Nesse dia de Páscoa, quando celebramos um momento de reflexão e renascimento, quero lembrar mais uma história que nos faz pensar. Acompanhe...


Hoje, dia 8 de abril, acontece uma celebração em Shibuya, subúrbio de Tóquio, capital do Japão. É o dia em que é lembrada uma das mais fantásticas histórias de amizade já contadas, entre um cachorro da raça Akita (chamado Hachiko) e seu dono, Hidesaburo Ueno.

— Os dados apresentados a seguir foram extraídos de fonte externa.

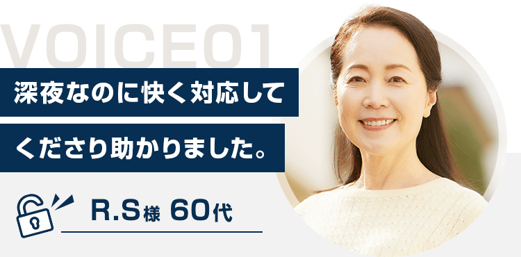 出張先から帰宅し、鍵を無くしたことに気づいて慌てました。でも夜遅くなのにすぐに作業員さんが来てくださり、すごい早さで開けてくださって助かりました。丁寧に対応してくださってありがとうございます。
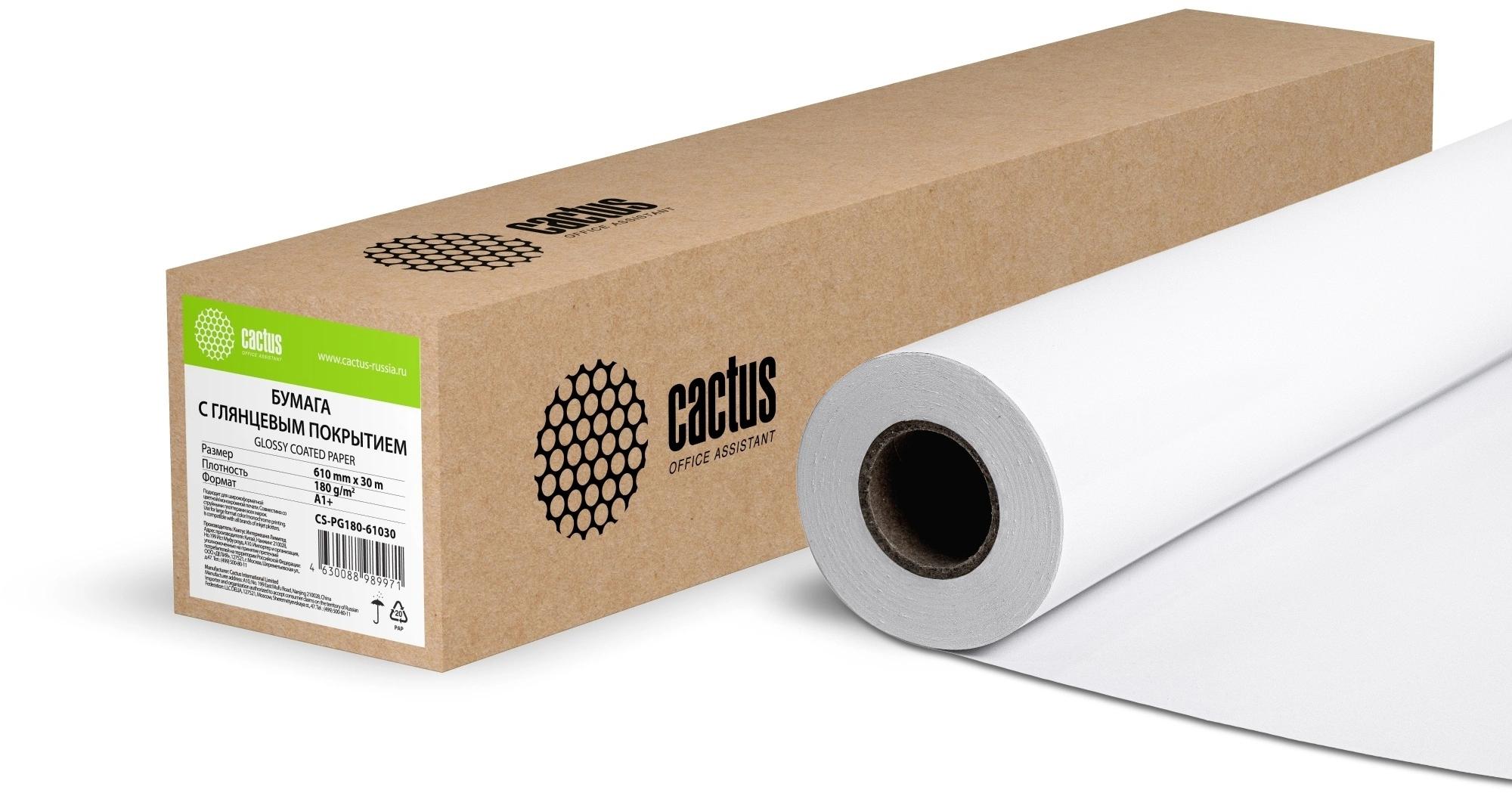 Бумага Cactus CS-PG180-61030 24"(A1) 610мм-30м/180г/м2/белый глянцевое для струйной печати втулка:50.8мм (2")
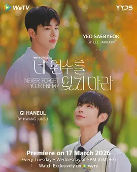 《别忘了你的仇人》是김희진导演的作品,发行于2026年(韩国 / 泰国),由Lee Jawoon , Hwang Junsu等主演,酷吧电影为大家提供别忘了你的仇人完整版免费在线观看,能在手机和电脑上流畅观看别忘了你的仇人高清版(已完结韩语原声),同时还支持是手机投屏。 韩国别忘了你的仇人讲述了:After breaking a classmate’s leg, a young man is sent to juvenile detention. Years later, he meets that same classmate — who unexpectedly confesses his love for him.
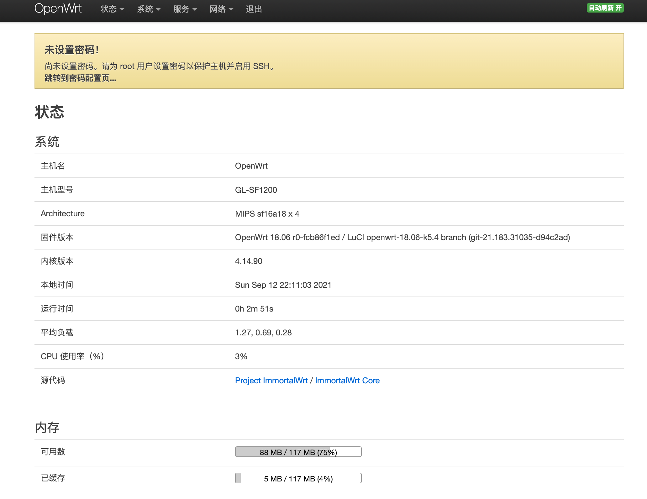 这个openwrt算是体验版,没加什么插件,所以GL官网下载了最新的固件,通过自带的不死UBOOT刷回去。

Ueno, professor da universidade de Tóquio, adotou Hachiko ainda filhote, em 1924. Começava ali uma grande amizade. Morador de Shibuya, o professor Ueno caminhava diariamente até a estação de trem para pegar a condução para o trabalho.

Hachiko, depois de um pouco mais crescido, passou a acompanhar o dono. Pela manhã, os dois caminhavam até a estação juntos. Ueno entrava na estação e o cachorro voltava para casa.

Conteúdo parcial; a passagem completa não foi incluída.